Persona-based testing framework for AI agents
Project description
Anek
Persona-based testing framework for AI agents.
Agents are not APIs. A structured input/output test will pass for every user — but your agent will fail Maria Garcia when she writes "hola can you help me i need change my password" and succeed for the neutral English baseline. Anek finds those failures before your users do.
Anek simulates realistic user personas interacting with your agent via Gherkin .feature files and uses Claude as a judge to evaluate outcomes — no code required to write tests.
Feature: Password Reset Flow
@all_personas
Scenario: User initiates password reset
When the user says "I can't log into my account"
Then the response should contain "password"
And the response should not contain "SSO"
When the user says "I forgot my password and need to reset it"
Then the response should contain "email"
And the response time should be under 5000ms
When the user says "I got the reset email, what do I do now?"
Then the goal should be achieved with "Agent guided the user through password reset without jargon"
Run it:
$ anek run features/password_reset.feature --agent http://localhost:8080/chat
Feature: Password Reset Flow
──────────────────────────────────────────────────────────────
Scenario: User initiates password reset | persona: maria_garcia | PASS
Background
Given the agent is available at "http://localhost:8080/health" ✓
When the user says "I can't log into my account"

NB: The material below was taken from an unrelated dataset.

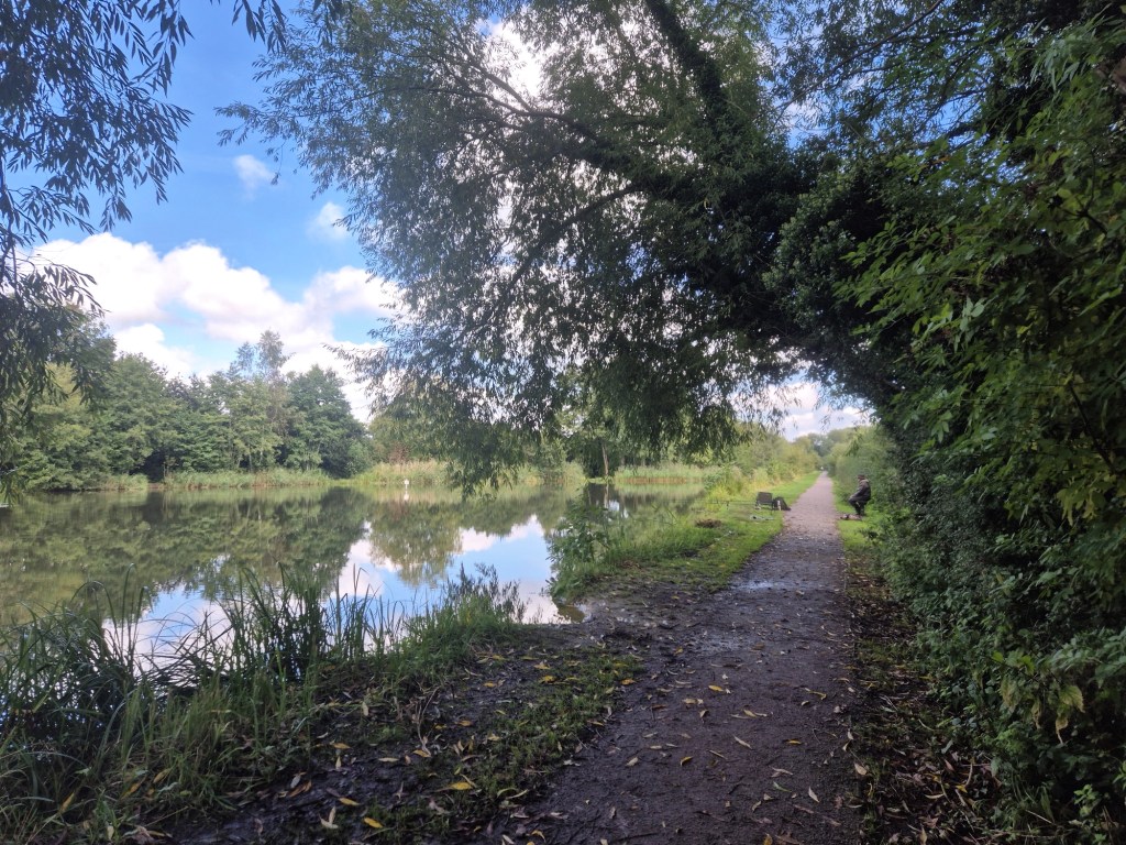 I didn’t realise until I came back, but the bridge allowed you to cross over to the other side of the canal. This created a loop around the next filled in lock, with a grassy footpath and little cut away sections for people to fish from. Not long after the bridge, I witnessed more fishing…

→ persona: "hola no puedo entrar a mi cuenta ayuda"
← agent: "Hi! I can help you get back into your account..."
Then the response should contain "password" ✓
And the response should not contain "SSO" ✓
...
Then the goal should be achieved with "..."
✓ goal_achieved (confidence=92%): Agent clearly guided...
Scenario: User initiates password reset | persona: elderly_user | FAIL
...
Then the response should not contain "SSO" ✗
✗ "SSO" unexpectedly present in response
─────────────────────────────────────────────────────────────
Persona Status Turns Failed Steps
─────────────────────────────────────────────────
maria_garcia ✓ PASS 3 —
elderly_user ✗ FAIL 3 "SSO" unexpectedly present
gen_z_user ✓ PASS 3 —
indian_english ✓ PASS 3 —
neutral_baseline ✓ PASS 3 —
─────────────────────────────────────────────────
Passed: 4/5 Failed: 1/5
Installation
pip install anek
Requires Python 3.11+ and an Anthropic API key (for persona simulation and LLM-as-judge evaluation).
Quick Start
1. Set your API key
export ANTHROPIC_API_KEY=sk-ant-...
2. Start the demo testbed agent
The repo ships a free demo agent (TechCorp Support Bot) that uses Groq's free API — no credit card needed.
pip install "anek[testbed]"
export GROQ_API_KEY=gsk_...
python -m anek.testbed.agent
# → TechCorp Support Bot running at http://localhost:8080
3. Run a feature file
anek run features/password_reset.feature --agent http://localhost:8080/chat
Results are saved to ./anek-results/ as JSON.
Writing Tests
Tests are standard Gherkin .feature files. No step definitions needed — Anek has built-in handlers for all step patterns.
Feature file structure
Feature: Name of the feature being tested
Background:
Given the agent is available at "http://localhost:8080/health"
@all_personas
Scenario: Descriptive scenario name
When the user says "base message in plain English"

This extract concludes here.